The scope of each database grows partly exponentially. Also, the number of relevant databases continues to grow (over 350 worldwide). In the search for relevant information therefore often bioinformatic meta search engines ( Bioinformatics Harvester, Entrez, EBI SRS ) are used.

The variety of globally available databases often leads to redundant and thus error- prone data management, especially DNA sequences are present in some fragments, some in fully assembled genomes. Ideally, the storage of genomic and proteomic data would allow a reconstruction of the rules of a whole organism. At the requisite illustration of identified proteins on which they have to metabolic genes coding and vice versa on the links among themselves to represent their interactions, and to the assignment of proteins and regulatory pathways are working hard.

Another task in data integration is the creation of controlled vocabularies and ontologies, which allow assignment of function names across all levels. The Gene Ontology Consortium (GO) is currently trying to create a consistent nomenclature for the molecular function, biological process and cellular localization of gene products.

Sequence analysis

The first pure bioinformatics have been developed for the DNA sequence analysis and sequence comparisons. In the sequence analysis, it is primarily to the rapid discovery of patterns in protein or DNA sequences. In the sequence comparison ( sequence alignment ) it comes to the question of whether two genes or proteins related to each other ( " homologous" ) are. For this, the sequences are superposed and aligned with each other, that the best possible match is achieved. If agreement is significantly better than would be expected by chance resemblance, one can infer relationship: When genes and proteins relationship always implies similar structure and most similar function. The central importance of sequence comparison for bioinformatics is therefore in his commitment to the sequence and structure prediction of unknown genes. For the application of dynamic programming algorithms come here and heuristic algorithms. Dynamic programming provides optimal solutions, but is not applicable to very long sequences or very large databases because of the required computational resources in practice. Heuristic algorithms are suitable for the search of large, globally available databases that archive all known sequences; Although they do not guarantee optimal results, but do so well that the daily work of bioinformatics and molecular biologists without the use of, for example, the BLAST algorithm would not be possible.
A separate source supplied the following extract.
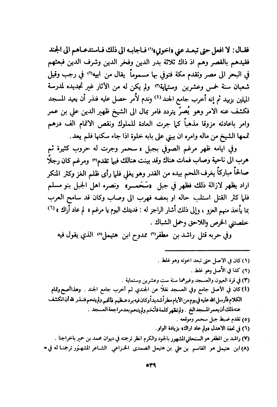 وَفِي حربه قتل رَاشد بن مطفر ممدوح ابْن هتيمل الَّذِي يَقُول فِيهِ

More commonly used algorithms that perform different functions depending on the application, are FASTA, Needleman - Wunsch or Smith - Waterman.

Rare is required for biological issues, the search for exact matches of short sequences sections, typically for interfaces of restriction enzymes in DNA sequences, possibly also of sequence patterns in proteins from the PROSITE database.
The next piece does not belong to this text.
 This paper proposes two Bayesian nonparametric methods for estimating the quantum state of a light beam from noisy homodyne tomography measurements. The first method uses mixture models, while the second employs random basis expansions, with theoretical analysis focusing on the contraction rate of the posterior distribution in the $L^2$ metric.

A major role of Bioinformatics in genome analysis. The sequenced in small units of DNA fragments are joined together by means of bioinformatic methods to an overall sequence.

Furthermore, methods for finding genes in unknown DNA sequences developed ( gene prediction, Eng. Gene finding or gene prediction ). This problem is addressed with various computational methods and algorithms, including statistical sequence analysis, Markov chains, artificial neural networks for pattern recognition, etc.

Both on the basis of DNA and amino acid sequences can be phylogenetic trees create that represent the evolutionary development of today's creatures from mostly unknown and therefore hypothetical ancestors.


With the Enlightenment and extensive functional analysis of complete genomes of various shifted the focus of bioinformatics work on issues of proteomics, such as the problem of protein folding and structure prediction, ie the question of the secondary or tertiary structure for a given amino acid sequence. The question of the interaction of proteins with various ligands ( nucleic acids, other proteins or smaller molecules ) is studied because it Besides results for the basic research can be derived also important information for medicine and pharmacy, for example, about how a caused by a mutation altered protein body functions affected or in what manner which drugs act on different proteins.